Я признаюсь, я вовсе не являюсь факихом-толкователем религии мусульман, однако я в состоянии утверждать, что человек-еретик извратил завет всего лишь падением в Сахару. Он предал завет. И если диалог был свидетельством связи его с первоначалом небесным, то он и его исказил, когда позволил алчному гулю привести себя к обмену-торгу, дабы извлекать из золота ценность для занятий обмена любовью. Сахара нас всех научила, что человек не нуждается ни в чем, кроме любви, если хочет обессмертить свой род и вид. А она, эта мудрая старуха, которую мы зовем Сахарой, показывает нам ежедневно, как вершится жизнь одним лишь небесным подчинением. Плодится недород, и плачут твари. Небо дает свой ответ и собирает облака, чтобы пролить любовь на землю. Семена пробуждаются, и оживают растения. Цветет испанский дрок, и лопается земля от сокровищ трюфелей. Газели и бараны находят пищу, и птицы плодятся. Ветер спешит, и разлетаются цветы с пыльцой и множатся повсеместно. Изжаждавшиеся дерева подхватывают ее насладиться любовью и творят из нее жизнь. Жизнь, к диалогу с которой побудил нас господин небес и пустынь. И что же, потеряем мы что-нибудь, если ограничим себя этим диалогом? А если вернемся к дьявольскому обмену, о котором ты заговорила? Что с жизнью случится, если мы перестанем заниматься металлом, прекратим обмен прегрешениями да усладами? Я готов об заклад побиться, что Аллах сотворил земное наместничество для твари своей кровной, которая удовольствуется первоначальным диалогом — подражанием Всевышнему, подражанием, которое позволяет жизни не прерываться в обмене любовью, а не для того дьявольского создания, что не спит, а дни и ночи коротает в единственной нужде — сделку торговую совершить.

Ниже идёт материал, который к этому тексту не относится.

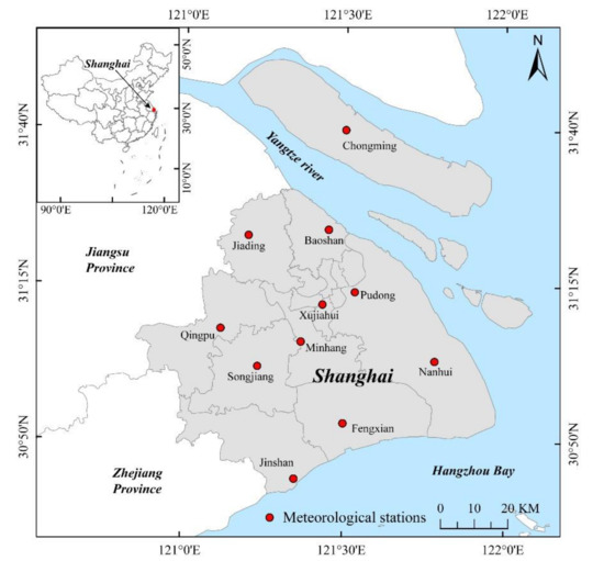 This study used the administrative territory of Shanghai (see Figure 1) as the study area. Shanghai is located on the west coast of the Pacific Ocean and the eastern edge of the Asian continent. The city is also situated in the confluence area of the Yangtze River and the Huangpu River as they flow into the East China Sea. The Yangtze River bounds shanghai to the north, the East China Sea to the east, Hangzhou Bay to the south, and Jiangsu and Zhejiang provinces to the west. The area’s climate is a subtropical monsoon climate with four distinct seasons, long hours of sunshine, and abundant precipitation. The study area covers 16 districts with a land area of 6340 km2 and is located between latitudes 30°40′ N and 31°53′ N, and longitudes 120°52′ E and 122°12′ E. Shanghai has been identified as one of China’s rapidly developing cities; it is an important economic, scientific, and comprehensive transportation center. In the process of rapid urbanization, the city is facing some environmental issues such as the urban heat island effect.

— Ну, я тоже готова об заклад побиться, что простой любовью ты не ограничишься, если обнаружишь, что недолговечен. Если поймешь, что все слезы со смертью навеки высохнут. И не только они скроются, но и всякое упоминание о тебе тоже пропадет. Приплод твой. След твой. Так, будто тебя и не было. Словно ты не существовал. И этот день бледный уже не за горами. Ты видишь, он каждое утро все ближе. Идешь ты на кладбище, и сообщает тебе прах истлевший, что кости были только вчера живыми созданиями — ползали, любили, мечтали о светлом будущем. Все на свете мечтает о прекрасном завтра. Все видит счастье в завтрашнем дне. Не ведает никто, что день завтрашний несет с собой всего лишь гибель. Только конец. Пустоту и отсутствие. Прах. Завтра несет в себе успокоение вечное под земным прахом. Земля безлюдная — вот это завтра! И если в том выходит судьба, если круг земной ведет нас во прах, так чего это надо скупиться твари несчастной наслаждаться благами дня нынешнего?! Почему надо ей воздерживаться, не ввергать себя в поединки рыночные, не владеть, не попробовать лакомств, масла да мяса? Зачем надо скупиться деньги зарабатывать, золото копить, если все это прекрасно отвлекает от опасений и забавляет, дает возможность позабыть и думать о дикости завтра? Не приятнее ли забвение такое всех мечтаний, которые сгложут почва да пустота?
Уха не сдержал гнева:
— Все это — происки магов, я отверг эти мысли вполне. Ты что, отрицаешь, что это напрямую связано с самим духом магов? Я понимаю теперь, почему ты оставила меня подвешенным все эти долгие годы. Я теперь понял секрет твоих убийственных колебаний. Ты никого не любишь, потому что хочешь любить абсолютно всех мужчин. Ты никогда не поймешь, в чем тайна любви, секрет божественного обмена, потому что ты хочешь владеть всеми мужами. Это по духу торговцу. Как это далеко! Чтобы проникся любовью тот, кто избрал любовь предметом ненасытности купца!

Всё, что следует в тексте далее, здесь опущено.